# Möglicherweise eine neue Art von Dialern



## Anonymous (28 November 2003)

Unter http://www.internetfallen.de/Aktuell/a9/a9.html bzw. im Nachbarforum von Dialerschutz.de ist die Rede von einem Dialer, der statt Mehrwertnummern angeblich Satellitennummern wählt. Wenn das stimmt, dann halte ich das für eine bodenlose Frechheit, da dadurch diverse Sperren "ausgehebelt" werden und Satellitennummern für die Kommunikation und nicht für solche Zwecke gedacht sind. Hat irgendjemand die Möglichkeit den Wahrheitsgehalt des Berichts zu verifizieren?

Sollte es stimmen, müssten sofort rechtliche Schritte eingeleitet werden.


Zitat Anfang:

http://www.internetfallen.de/Aktuell/a9/a9.html



> Neuer Dialer wählt Satellitennummer !!
> 
> Wieder ist ein neuer Abzockerdialer aufgetaucht:
> 
> ...


----------



## Anonymous (28 November 2003)

Gast schrieb:
			
		

> Hat irgendjemand die Möglichkeit den Wahrheitsgehalt des Berichts zu verifizieren?


Wer ist Gast? Jedenfalls gibt es dieses Phenomen tatsächlich seit neuestem - ein ganz schön teures Gespenst! Pauschal würde mich interessieren, wer der Nutznießer solcher EMSAT-Verbindungen ist.
Übrigens - da z. B. die DTAG den Vorgang bereits kennt, wird bei Widerspruch des Endkunden dessen Einwand an eine Stelle in Bonn weiter geleitet und dort werden die Vorgänge gesammelt. Offensichtlich werden alle Beschwerdeführer ausgebucht, da man sogar bei der DTAG davon ausgeht, dass kein Zahlungsanspruch vorliegt.


----------



## technofreak (28 November 2003)

> Wer hinter der Satellitenrufnummer steckt ist noch unklar, es handelt sich jedenfalls um
> eine Rufnummer zu EMSAT. Dialerschutzprogramme dürften diesen Dialer wohl noch nicht
> erkennen, hier hilft vermutlich der Dialer-Blocker.
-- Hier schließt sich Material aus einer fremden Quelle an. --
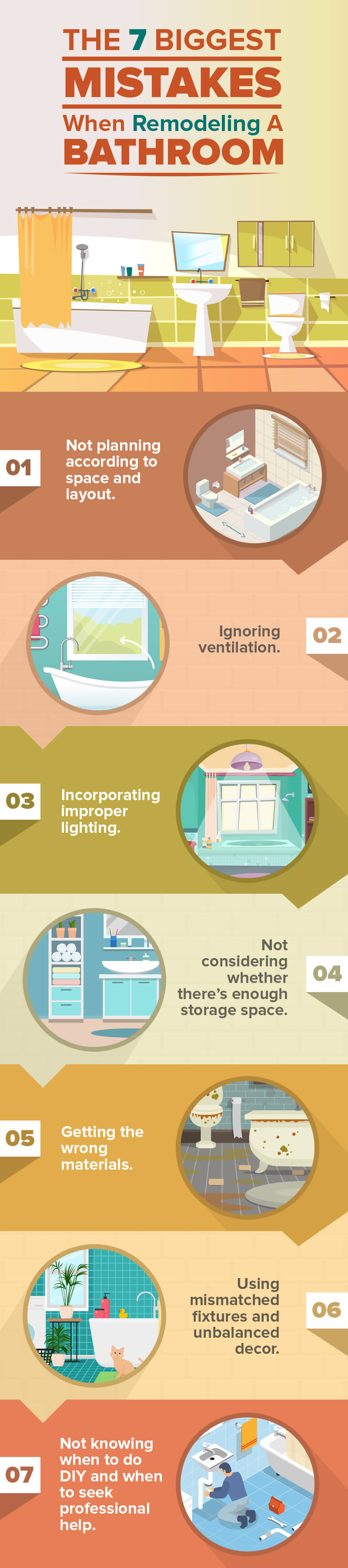 5. Getting the wrong materials.Remodeling can be an endless battle between functionality and design. Remember that a bathroom deals with more moisture than any other part of the house, so you have to take into consideration the right materials you will use for the job. Avoid using porous materials that are highly susceptible to mold, distortion, and will keep moisture.

Nicht vermutlich , *sicher * , da der Dialerblocker mit einer Erlaubnisliste arbeitet 
läßt er * keine * Nummer zu, die nicht explizit freigegeben wurde.

siehe auch:
http://forum.computerbetrug.de/viewtopic.php?t=2543
http://forum.computerbetrug.de/viewtopic.php?t=3333


----------



## sascha (29 November 2003)

> Hat irgendjemand die Möglichkeit den Wahrheitsgehalt des Berichts zu verifizieren?
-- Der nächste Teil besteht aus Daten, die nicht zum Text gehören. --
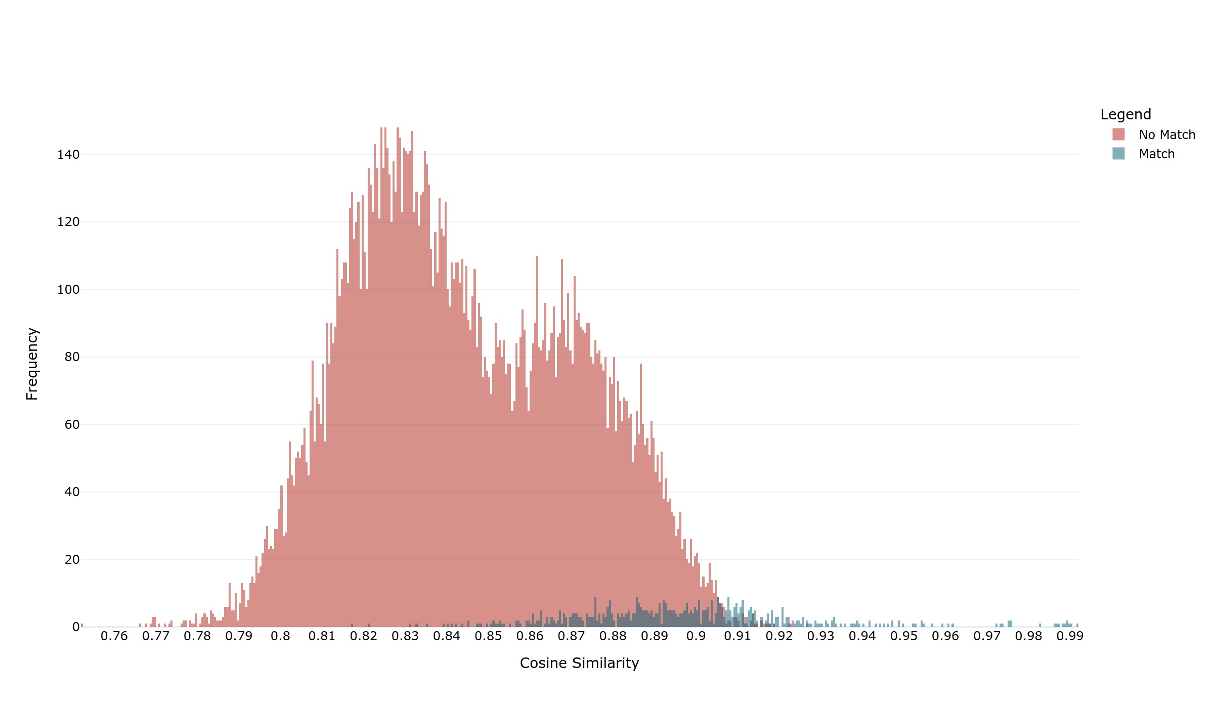 The following figure depicts how well matches and mismatches in the test data are separated by the model. For results with a minimum of false positives, a threshold higher than 0.91 is recommended. For the optimal F1 score, the right treshold is 0.9050.

Ist insofern verifiziert, als dass diese neue Art der Abzocke unabhängig voneinander einer Landesverbraucherzentrale sowie mindestens drei Polizeidienststellen bekannt ist. In einem Fall läuft bereits ein Ermittlungsverfahren.

cu,

Sascha


----------



## Anonymous (30 November 2003)

*Verzeichnis von internationalen Vorwahlen bzw. Satbetreibern*

Wie im Forum von Dialerschutz.de berichtet wird (http://forum.webmart.de/wmmsg.cfm?id=1464360&d=90&a=1&t=1741035)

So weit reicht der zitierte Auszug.